(What to do): Pictures excluded, output the lines of the data below between the one holding "据CNMO了解,2025年第" and the one holding "(엑스포츠뉴스 유준상 기자)", inclusive, exactly as they stand.

(Extracted information):
***
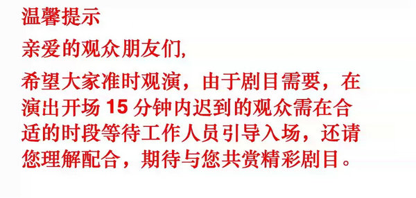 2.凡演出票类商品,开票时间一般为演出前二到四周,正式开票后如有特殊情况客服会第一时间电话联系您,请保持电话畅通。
***
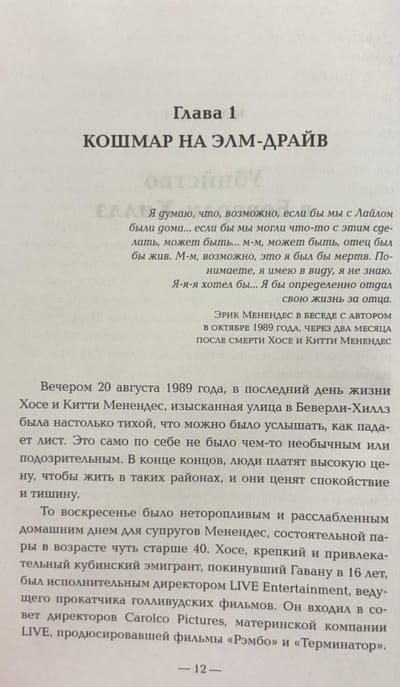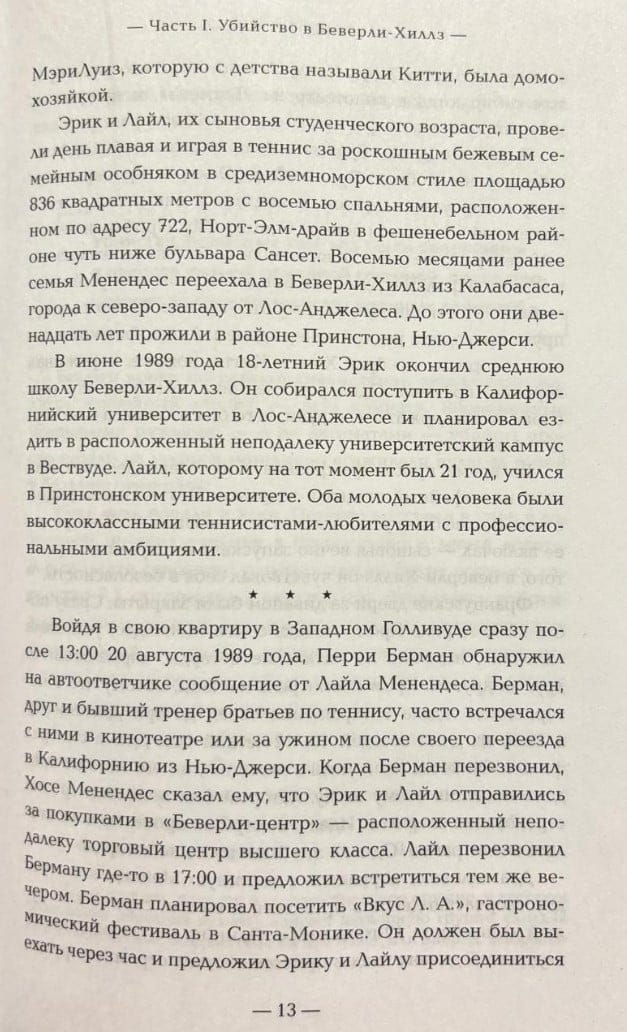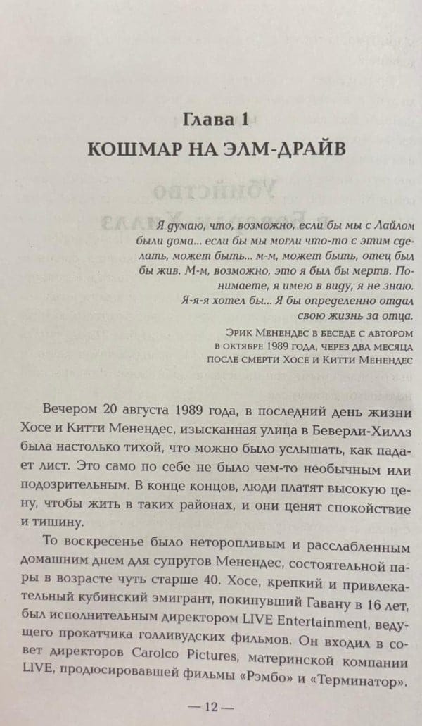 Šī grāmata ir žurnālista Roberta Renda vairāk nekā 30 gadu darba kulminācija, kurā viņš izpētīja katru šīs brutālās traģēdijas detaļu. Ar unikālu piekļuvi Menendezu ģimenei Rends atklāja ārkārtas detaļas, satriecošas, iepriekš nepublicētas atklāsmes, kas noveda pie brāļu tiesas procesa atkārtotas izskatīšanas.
***
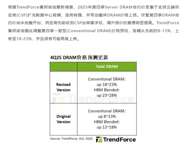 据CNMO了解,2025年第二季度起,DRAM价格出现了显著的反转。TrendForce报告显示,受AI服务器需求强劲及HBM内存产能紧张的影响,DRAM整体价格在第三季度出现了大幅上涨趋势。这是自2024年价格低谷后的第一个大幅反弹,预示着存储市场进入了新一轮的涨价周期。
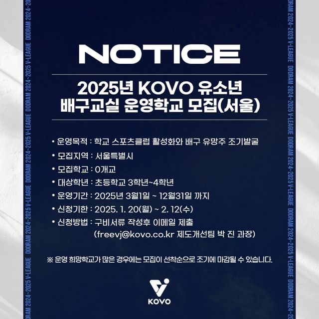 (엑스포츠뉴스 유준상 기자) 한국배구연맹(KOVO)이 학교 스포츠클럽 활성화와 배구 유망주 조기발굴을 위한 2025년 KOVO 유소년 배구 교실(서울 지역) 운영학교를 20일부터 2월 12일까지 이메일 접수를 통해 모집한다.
***
(Solved problem):
 据CNMO了解,2025年第二季度起,DRAM价格出现了显著的反转。TrendForce报告显示,受AI服务器需求强劲及HBM内存产能紧张的影响,DRAM整体价格在第三季度出现了大幅上涨趋势。这是自2024年价格低谷后的第一个大幅反弹,预示着存储市场进入了新一轮的涨价周期。
 (엑스포츠뉴스 유준상 기자) 한국배구연맹(KOVO)이 학교 스포츠클럽 활성화와 배구 유망주 조기발굴을 위한 2025년 KOVO 유소년 배구 교실(서울 지역) 운영학교를 20일부터 2월 12일까지 이메일 접수를 통해 모집한다.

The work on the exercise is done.